━━━ Data in this exercise ━━━

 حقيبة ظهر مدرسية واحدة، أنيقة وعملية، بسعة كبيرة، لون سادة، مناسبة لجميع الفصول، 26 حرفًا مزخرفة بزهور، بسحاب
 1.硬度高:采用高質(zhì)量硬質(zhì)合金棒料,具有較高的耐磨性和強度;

━━━
━━━ Data in this exercise ━━━

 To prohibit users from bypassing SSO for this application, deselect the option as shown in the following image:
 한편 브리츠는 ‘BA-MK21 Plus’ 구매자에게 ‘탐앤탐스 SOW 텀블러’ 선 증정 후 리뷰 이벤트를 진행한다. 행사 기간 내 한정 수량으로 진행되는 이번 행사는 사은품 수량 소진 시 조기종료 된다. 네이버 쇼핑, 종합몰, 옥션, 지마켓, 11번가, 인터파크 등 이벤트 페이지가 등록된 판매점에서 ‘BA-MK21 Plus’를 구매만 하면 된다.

━━━
━━━ Data in this exercise ━━━

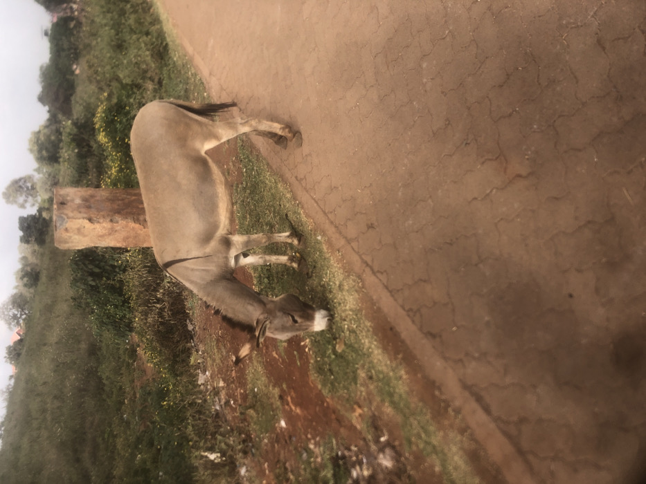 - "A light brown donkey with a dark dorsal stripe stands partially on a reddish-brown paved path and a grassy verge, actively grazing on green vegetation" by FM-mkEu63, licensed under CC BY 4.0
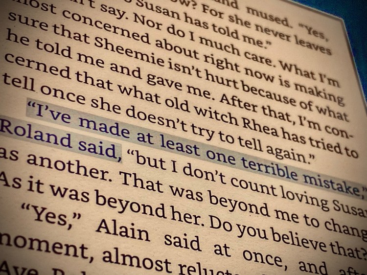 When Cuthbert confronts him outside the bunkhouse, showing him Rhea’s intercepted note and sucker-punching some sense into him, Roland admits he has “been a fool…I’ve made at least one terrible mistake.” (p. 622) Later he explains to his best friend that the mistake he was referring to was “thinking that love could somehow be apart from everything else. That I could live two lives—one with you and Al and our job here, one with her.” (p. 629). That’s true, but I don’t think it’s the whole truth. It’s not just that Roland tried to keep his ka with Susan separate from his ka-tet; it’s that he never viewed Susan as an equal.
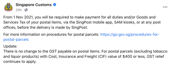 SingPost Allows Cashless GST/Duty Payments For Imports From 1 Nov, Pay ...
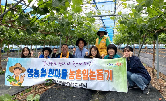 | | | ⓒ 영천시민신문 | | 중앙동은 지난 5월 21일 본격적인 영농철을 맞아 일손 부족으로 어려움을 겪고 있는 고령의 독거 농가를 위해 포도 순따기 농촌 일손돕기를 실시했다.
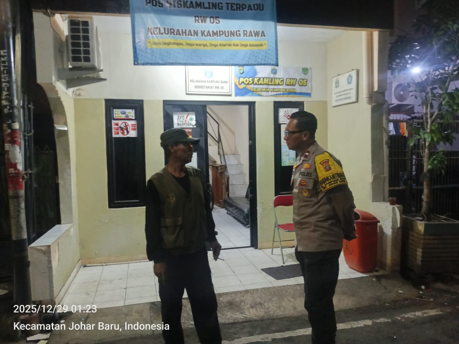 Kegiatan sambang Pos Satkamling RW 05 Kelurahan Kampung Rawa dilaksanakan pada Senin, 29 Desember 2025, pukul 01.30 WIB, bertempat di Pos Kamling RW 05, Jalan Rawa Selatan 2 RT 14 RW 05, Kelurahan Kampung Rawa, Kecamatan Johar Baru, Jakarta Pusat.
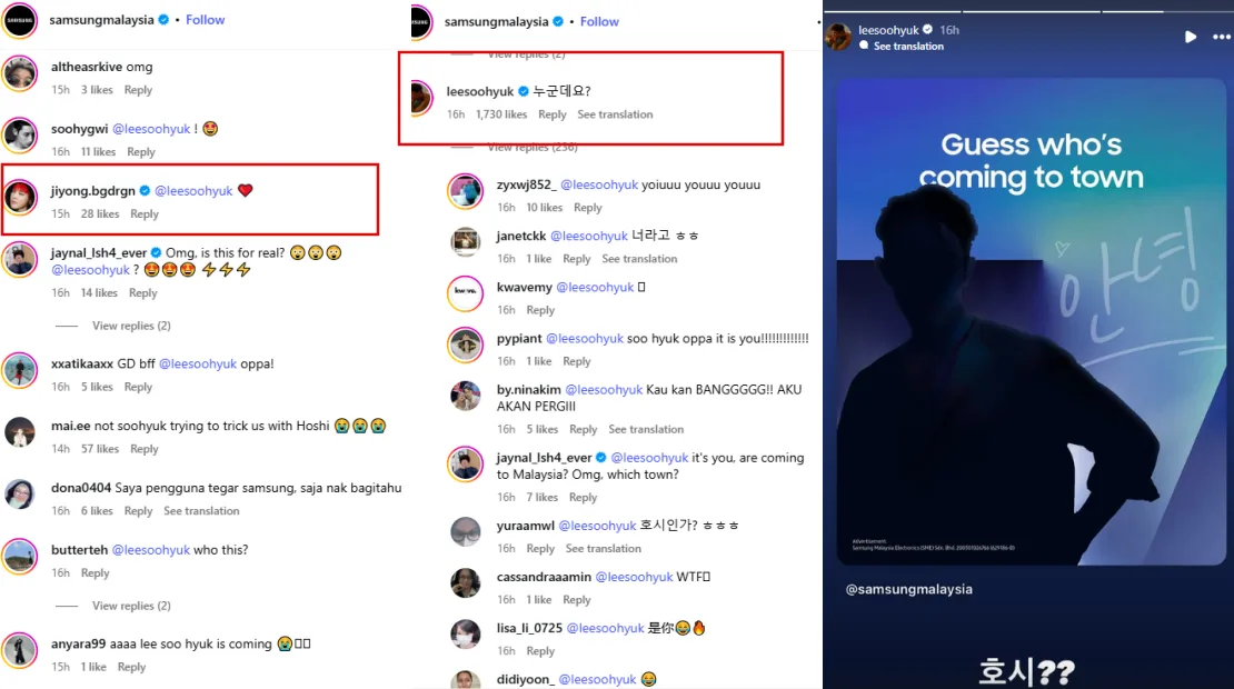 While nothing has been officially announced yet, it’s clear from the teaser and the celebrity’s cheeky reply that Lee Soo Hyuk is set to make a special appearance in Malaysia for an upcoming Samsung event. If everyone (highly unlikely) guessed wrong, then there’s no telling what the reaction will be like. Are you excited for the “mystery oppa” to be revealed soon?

━━━

From the records above, output only the lines starting at the one containing "When Cuthbert confronts" and ending at the one containing "SingPost Allows Cashless", word for word. Pictures stay out.

- **Task output**:
 When Cuthbert confronts him outside the bunkhouse, showing him Rhea’s intercepted note and sucker-punching some sense into him, Roland admits he has “been a fool…I’ve made at least one terrible mistake.” (p. 622) Later he explains to his best friend that the mistake he was referring to was “thinking that love could somehow be apart from everything else. That I could live two lives—one with you and Al and our job here, one with her.” (p. 629). That’s true, but I don’t think it’s the whole truth. It’s not just that Roland tried to keep his ka with Susan separate from his ka-tet; it’s that he never viewed Susan as an equal.
 SingPost Allows Cashless GST/Duty Payments For Imports From 1 Nov, Pay ...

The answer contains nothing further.